Wood Mackenzie says that while the scheduling of CSG-LNG projects has generally remained firm, the timing of others – including the Chevron-operated Gorgon and Wheatstone developments – have been pushed back.
As a result, the Australian LNG ramp-up in WoodMac’s forthcoming update will include 11 million tonnes less than expected between 2015 and 2019.
However, CSG-LNG’s reliability will soon be tested, with WoodMac concerned about how each operator will ramp up a significant volume of gas in a very short time.
“The most productive wells will supply the first train of each project, but risk remains around the deliverability and consistency of the following supply tiers that will feed the second trains,” the analyst said.
“BG has managed its first train at the QCLNG project well so far but with only one out of six producing, the successful delivery of the remaining trains will dictate whether CSG-LNG ramp up is a success.
“Another key uncertainty is the speed and consistency of the ramp up of Train 2. Around 1000 wells will be drilled each year to maintain momentum but the ability of operators to manage this activity as well as operate an LNG plant has not yet been tried.”

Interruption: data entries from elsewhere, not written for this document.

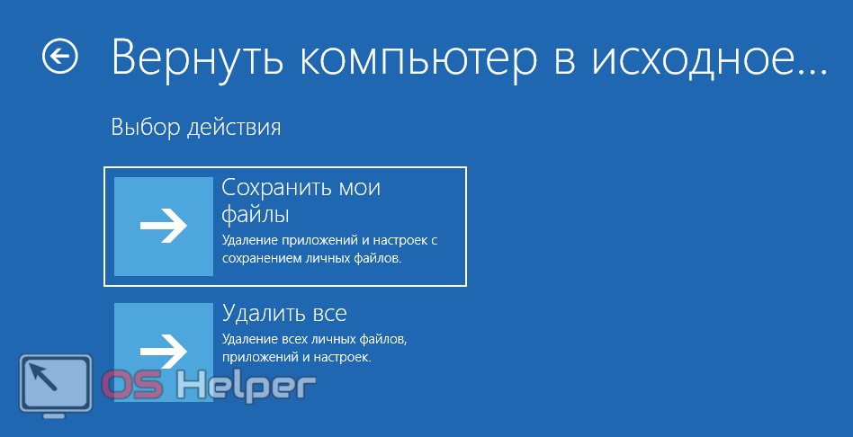 - Сохранить мои файлы — удаление приложений и настроек с сохранением личных данных.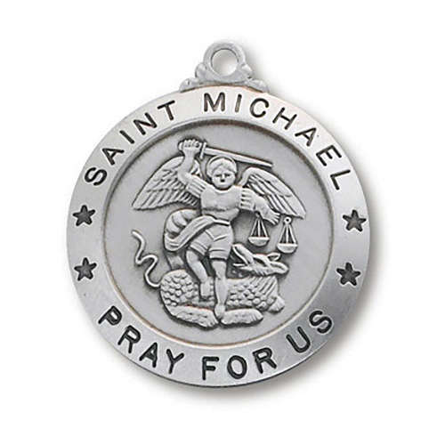 This genuine stering silver Saint Michael medal necklace comes on a heavy weight 24 inch stainless steel chain. Deluxe gift boxed. Round medal measures 7/8 inches tall.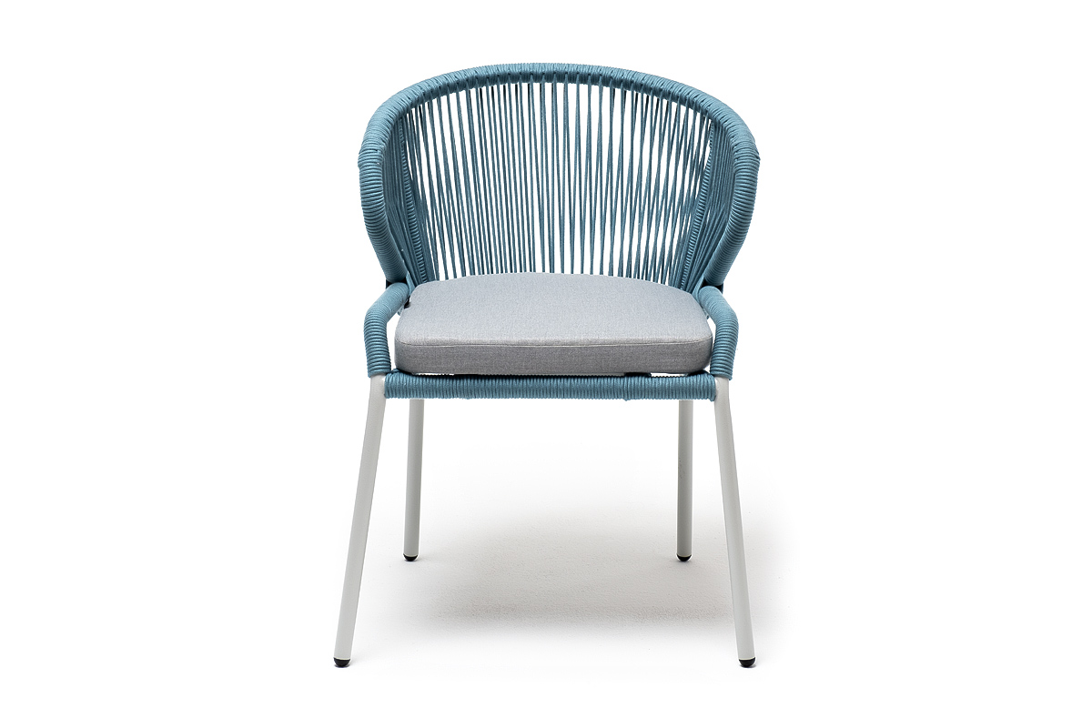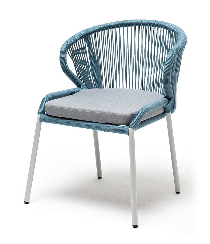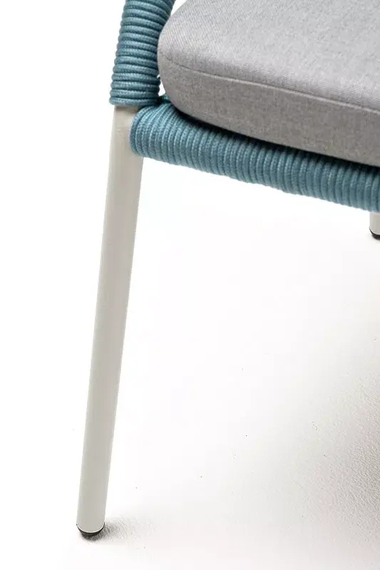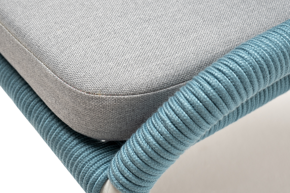 Изготовлен из алюминиевого каркаса, оплетенного вручную эластичными синтетическими лентами из высокопрочных полиэфирных волокон (роуп круглый). Цвет каркаса - светло-серый (RAL7035), оплетки - бирюзовый.
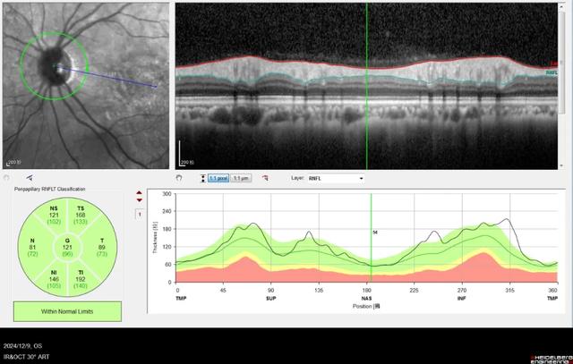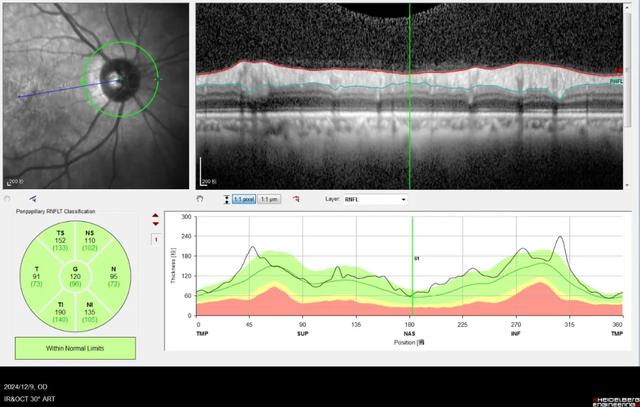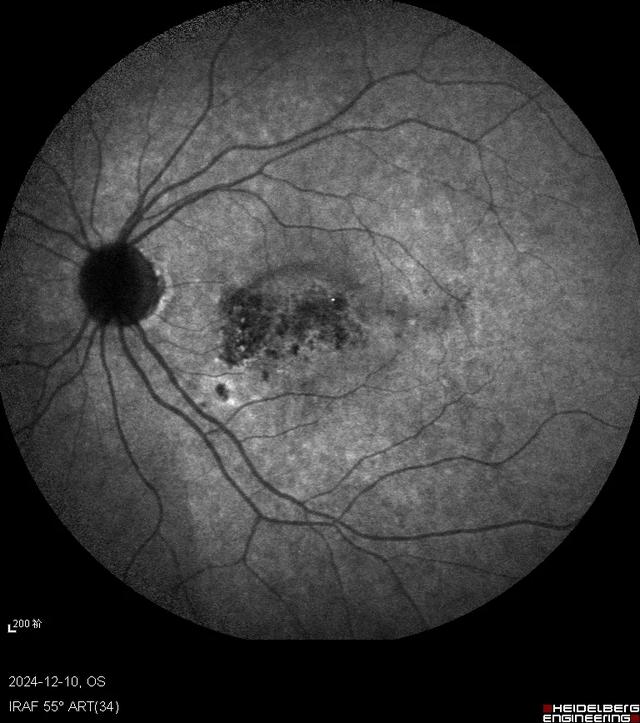 既然锁定调查方向在黄斑,那接下来最应该做的就是黄斑OCT检查。在经过半个小时左右的散瞳后,OCT结果提示,双眼黄斑中心凹视网膜外层结构明显受损,椭圆体带不连续,色素上皮不规则隆起。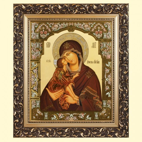 Икона Пресвятой Богородицы Донская. Русская Православная Икона двойного тиснения "золотыми" и "серебряными" красками в деревянной узорчатой раме. Приблизительные размеры рамы: Ширина 6,0 см, толщина 3,5 см. На задней стороне иконы закреплена металлическая петля, для крепления иконы на стену. Икона освящена настоятелем храма Преподобного Серафима Саровского в п. Софрино.

The next wave of LNG from Australia will start in 2017 and it will be exposed to a different economic climate, labour market and changing cost environment than the first tranche of projects.
“We believe that strong project management will be key to keeping these developments on track and ensuring that they can meet our revised timelines,” WoodMac said in its most recent report.
Chinese scramble
Yet while there is constant talk of a supply side glut, China is scrambling to cater for the next large tranches of LNG supply from Australia, according to consultancy PIRA Energy Group.

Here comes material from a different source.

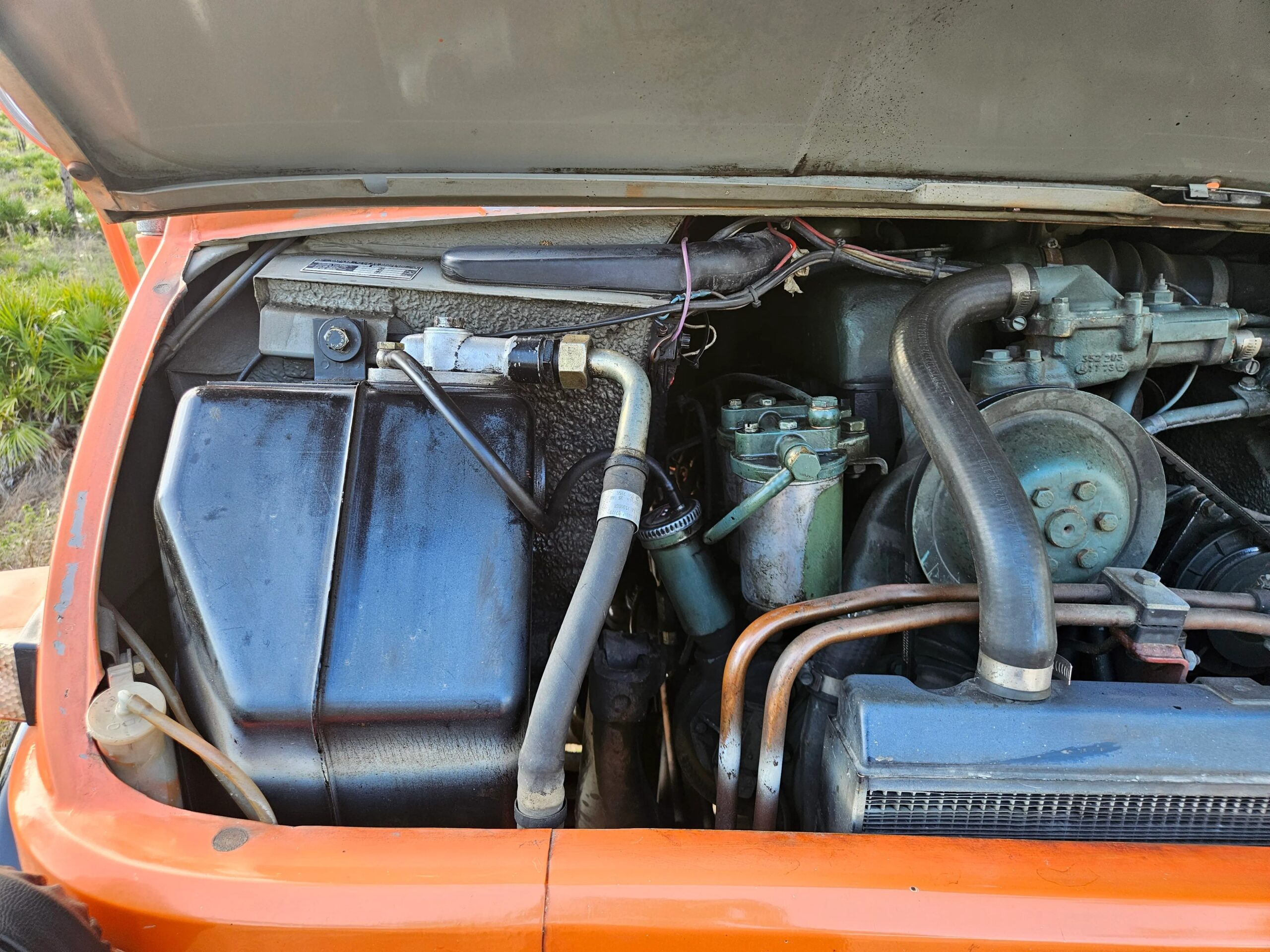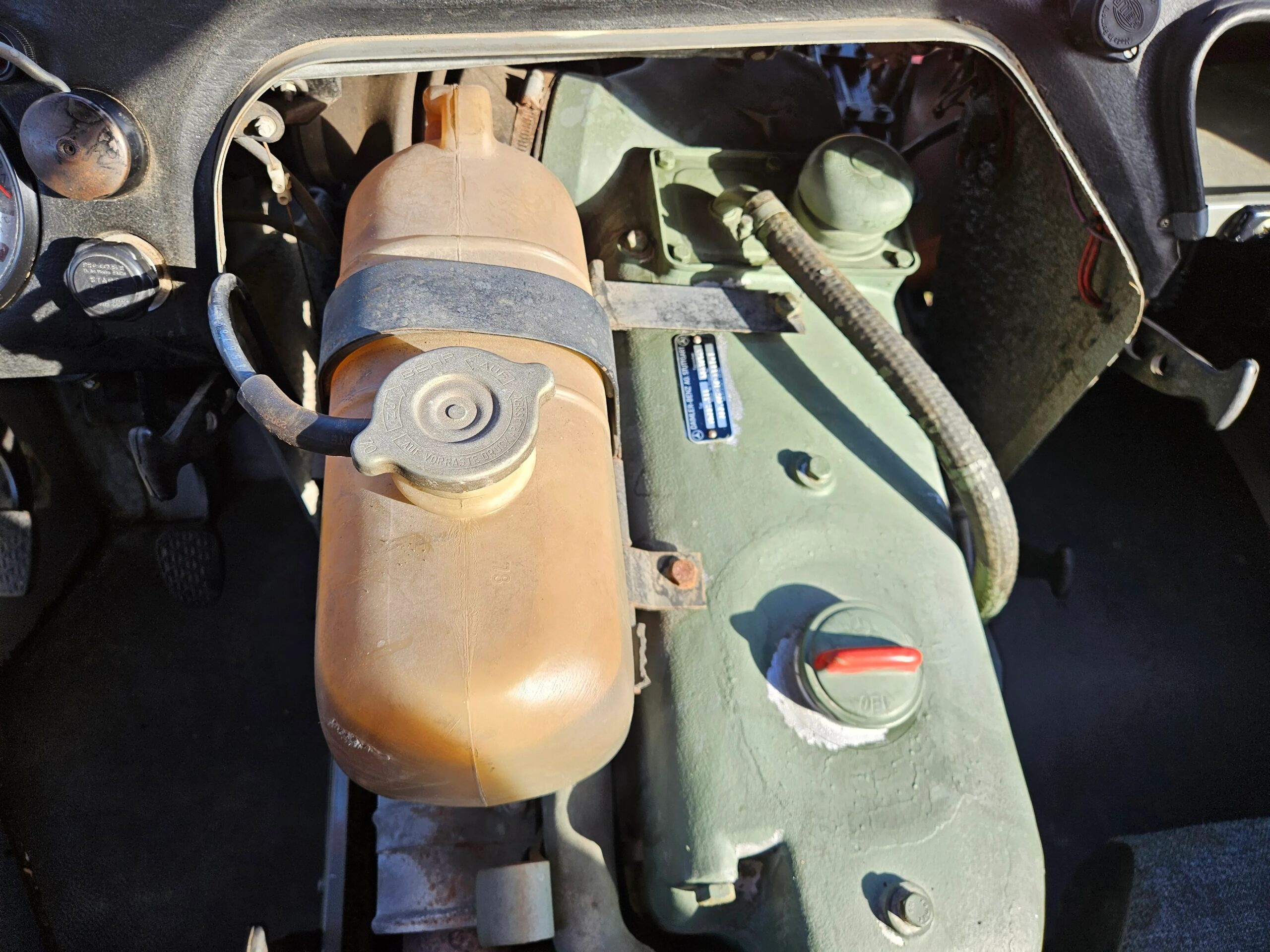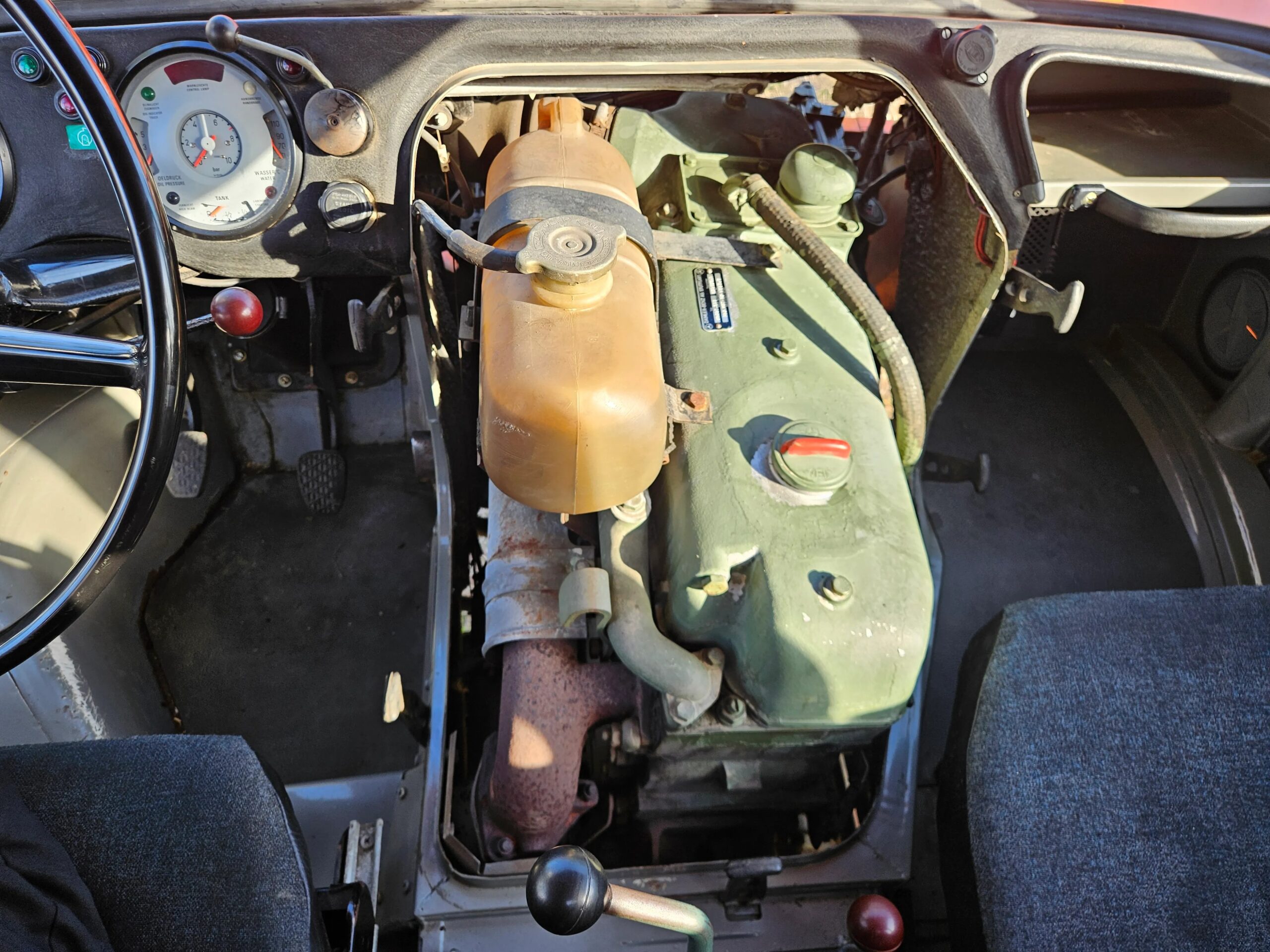 The 5.7-liter OM352 diesel four-stroke inline-six is accessed via the cabin or front hood, and it sends power to all four wheels via a manual gearbox with six forward gears, a three-range transfer case, and portal axles.

“The clock is ticking on the next large tranches of LNG supply coming out of Australia and Chinese buyers will be battling time to fire up new import capacity to accommodate the expected volumes – all of which are under long-term take or pay contracts with limited destination flexibility under the current structures,” PIRA Group said.
Sinopec signed up in April 2011 as a foundation customer and part-equity owner in the Australia Pacific LNG project, taking 7.6 million tonnes per annum in a 20-year off-take agreement. Sinopec is China’s second largest crude oil and gas producer and its largest petroleum products and chemicals producer and supplier.
BG Group’s Queensland Curtis LNG project has global sales agreements for nearly 10MMtpa with the China National Offshore Oil Corporation and other customers from Japan, Chile and Singapore.
APLNG upstream operator Origin Energy announced last week it had delayed project start-up from September this year to October, with CEO Grant King telling the Macquarie conference in Sydney that sustained production would not occur until the December quarter.